Available data

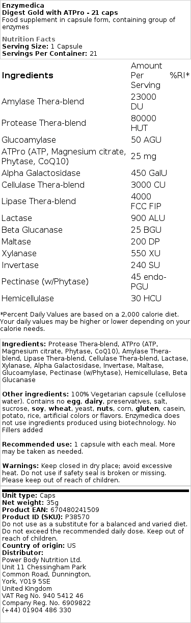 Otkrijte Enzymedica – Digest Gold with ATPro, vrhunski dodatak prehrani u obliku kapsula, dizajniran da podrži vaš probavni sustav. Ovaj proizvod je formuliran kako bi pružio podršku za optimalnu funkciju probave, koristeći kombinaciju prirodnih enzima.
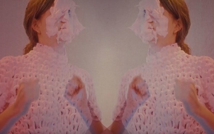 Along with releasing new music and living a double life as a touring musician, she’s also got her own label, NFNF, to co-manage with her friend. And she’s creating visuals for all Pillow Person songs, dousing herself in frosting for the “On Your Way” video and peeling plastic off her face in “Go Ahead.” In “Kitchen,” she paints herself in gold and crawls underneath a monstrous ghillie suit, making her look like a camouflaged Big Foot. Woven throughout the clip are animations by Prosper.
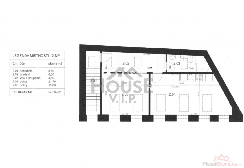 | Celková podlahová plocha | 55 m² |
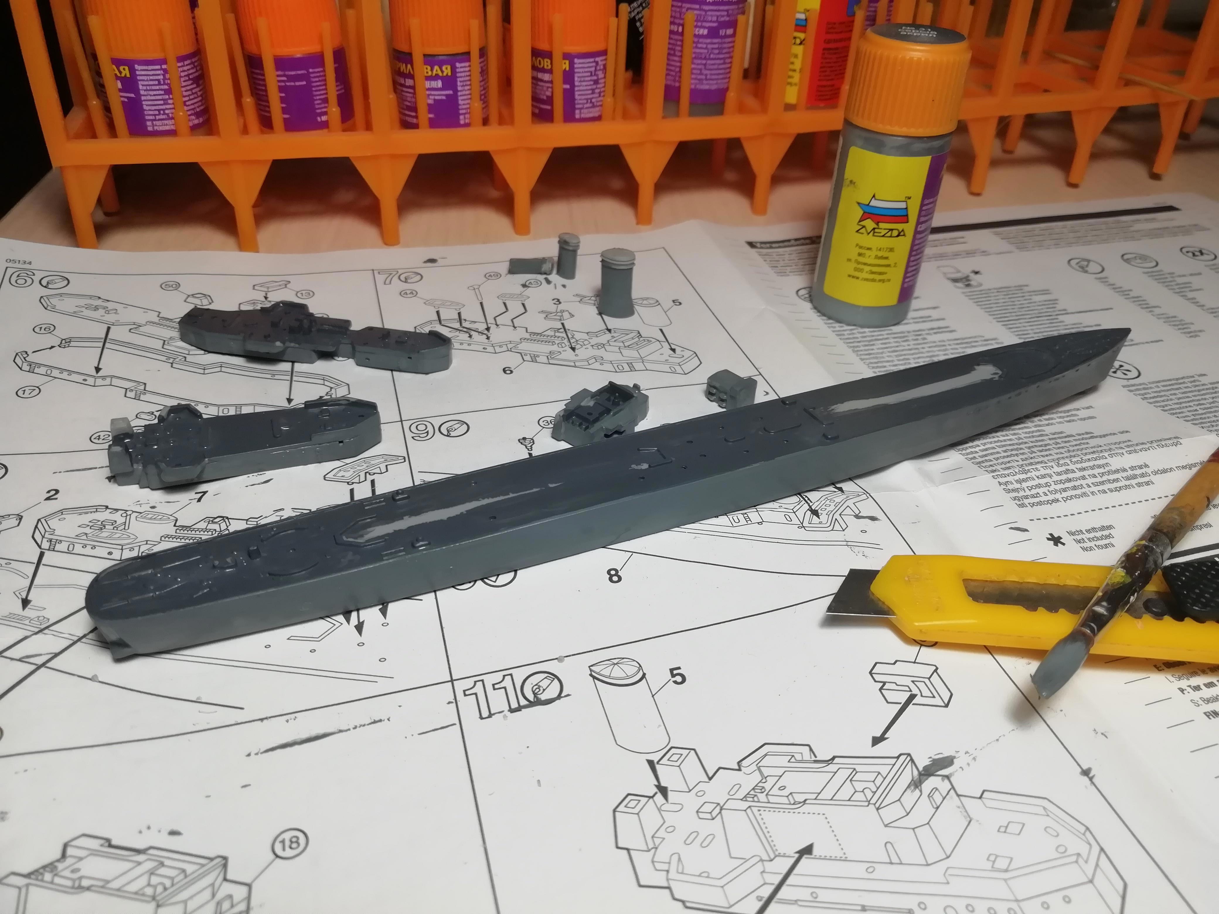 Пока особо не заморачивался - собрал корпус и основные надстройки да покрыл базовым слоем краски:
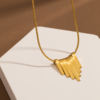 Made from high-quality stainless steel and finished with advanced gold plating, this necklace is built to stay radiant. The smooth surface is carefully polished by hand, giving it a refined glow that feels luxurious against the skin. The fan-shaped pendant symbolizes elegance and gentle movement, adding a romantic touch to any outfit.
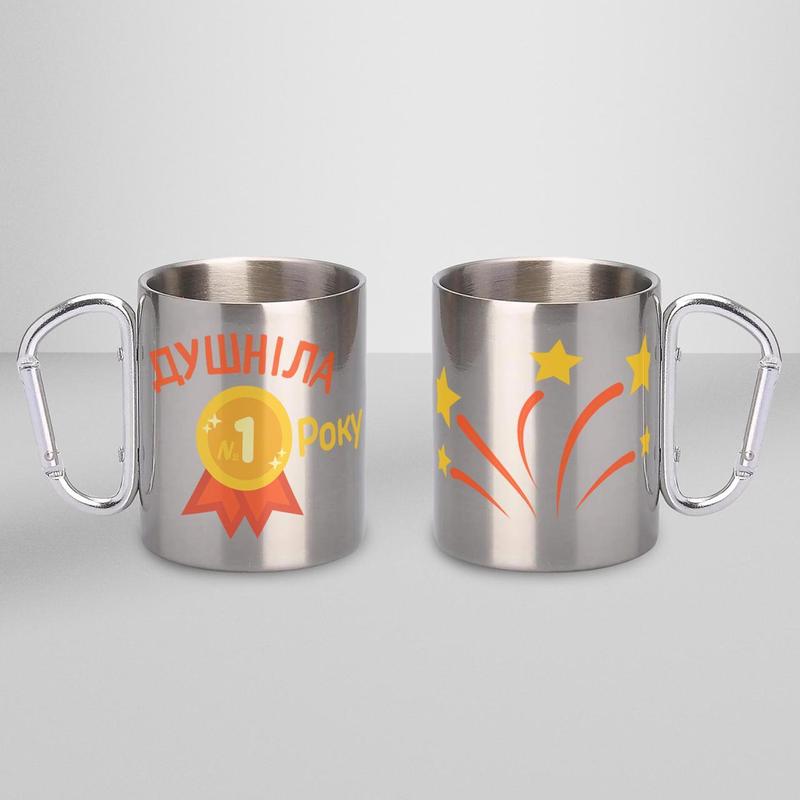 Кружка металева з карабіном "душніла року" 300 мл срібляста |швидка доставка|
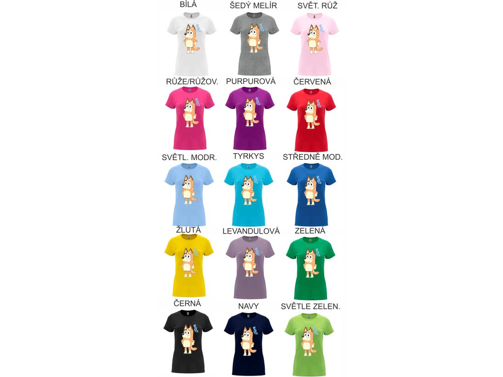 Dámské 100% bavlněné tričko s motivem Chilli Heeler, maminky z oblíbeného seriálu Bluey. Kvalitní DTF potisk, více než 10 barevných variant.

Task instructions
From the line with "Кружка металева з" down to the end of the entries, retype each line exactly as written, but drop the pictures.

Written response
 Кружка металева з карабіном "душніла року" 300 мл срібляста |швидка доставка|
 Dámské 100% bavlněné tričko s motivem Chilli Heeler, maminky z oblíbeného seriálu Bluey. Kvalitní DTF potisk, více než 10 barevných variant.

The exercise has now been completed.